Menanggapi hal tersebut, Komisi III DPRD Trenggalek akan mendalami peraturan tentang bina konstruksi. Sejauh mana regulasi yang ada pada bina konstruksi. Dan apakah bisa jika digabungkan.
“Saya setuju bina konstruksi hanya ada di satu Dinas saja yakni PUPR, namun kita lihat dahulu aturannya bisa atau tidak jika itu dilakukan,” kata Pranoto, selaku Ketua Komisi II DPRD Trenggalek, Kamis (4/5/2023).
Pranoto menyampaikan bahwa akan melihat sejauh mana regulasi tentang bina konstruksi. Pihaknya juga setuju jika itu bisa dilakukan, jadi pelaksanaan kegiatan memang sesuai bidang masing-masing.
Terkait carut marut dan keterlambatan pelaksanaan infrastruktur, Pranoto menyampaikan masih dalam proses klarifikasi untuk dilihat dimana sebenarnya yang menjadi masalah.
“Kami akan segera melakukan klarifikasi terhadap mereka, disektor mana yang jadi penghambat. Sehingga banyak kegiatan molor,” ungkapnya.

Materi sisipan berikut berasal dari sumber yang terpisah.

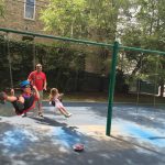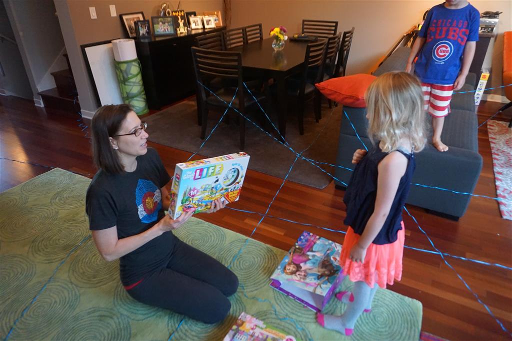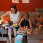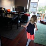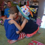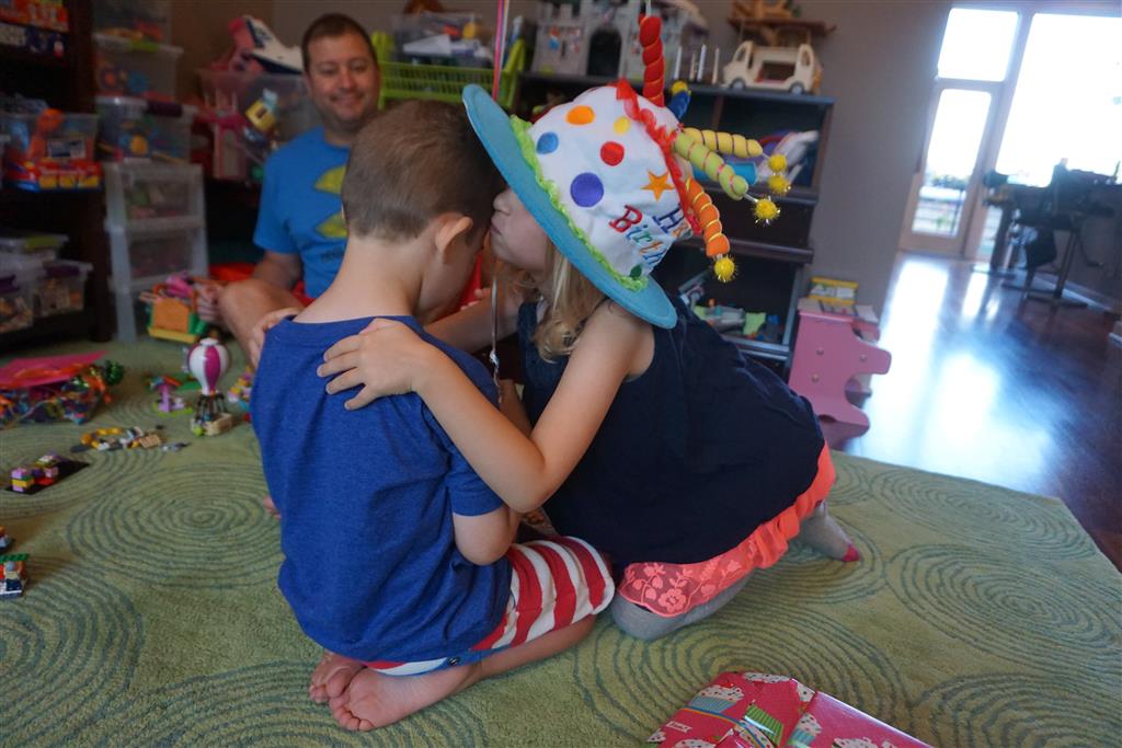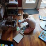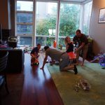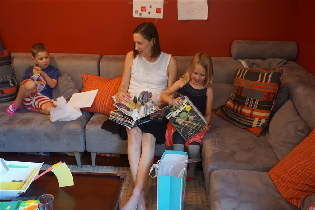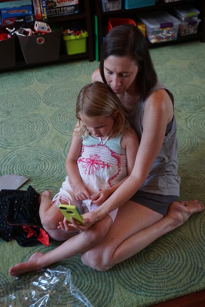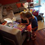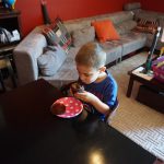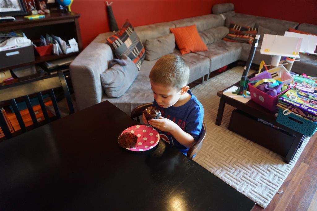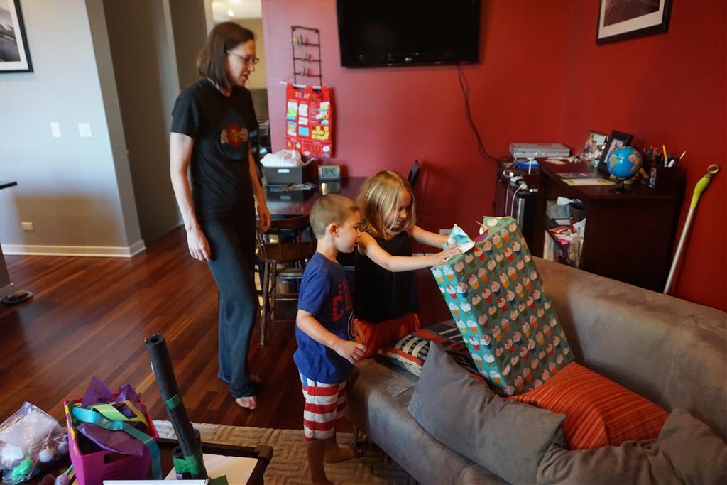 Eleanor was excited to celebrate her sixth birthday this week. She had been considering plans for a while, and had plans for all three meals of the day, as well as activities throughout the day and sleeping arrangements for the night before and night of. We started festivities with a slumber party with Mom on the night before. Eleanor awoke to the string trail ready to do – and after waiting a bit for Mom and Dad to get around, we followed the string downstairs and opened up presents along the way. Then, it was off to Whole Foods for breakfast with Lala, and then back home for more playtime with new toys. Eleanor had a lunch spot picked out, but decided to just have lunch at home so that we could have more playtime. Lala and Uncle B joined us later that afternoon for birthday cupcakes. Dinner was mac and cheese at home, and then off to bed. Eleanor and Dad had a slumber party, and Mom and Henry had one as well. All in all a successful birthday!

Tentang carut marut pelaksanaan infrastruktur, Komisi III DPRD Trenggalek menjelaskan bahwa masih dalam proses pendalaman masalah. Jika fokus dalam satu Dinas, kegiatan fisik akan akan nampak dimana ujung pangkalnya.
“Bina konstruksi akan di kaji dahulu, memang jika pekerjaan diserahkan kepada ahlinya maka akan sesuai dengan bidangnya,” ungkap Pranoto.
Diimbuhkan Pranoto, jadi misal Dinas Kesehatan atau Pendidikan hingga Pariwisata hanya fokus sesuai bidang dan tupoksi saja.
“Maka dari itu terkait boleh tidaknya penempatan bina konstruksi di satu Dinas saja masih akan di pelajari,” pungkasnya.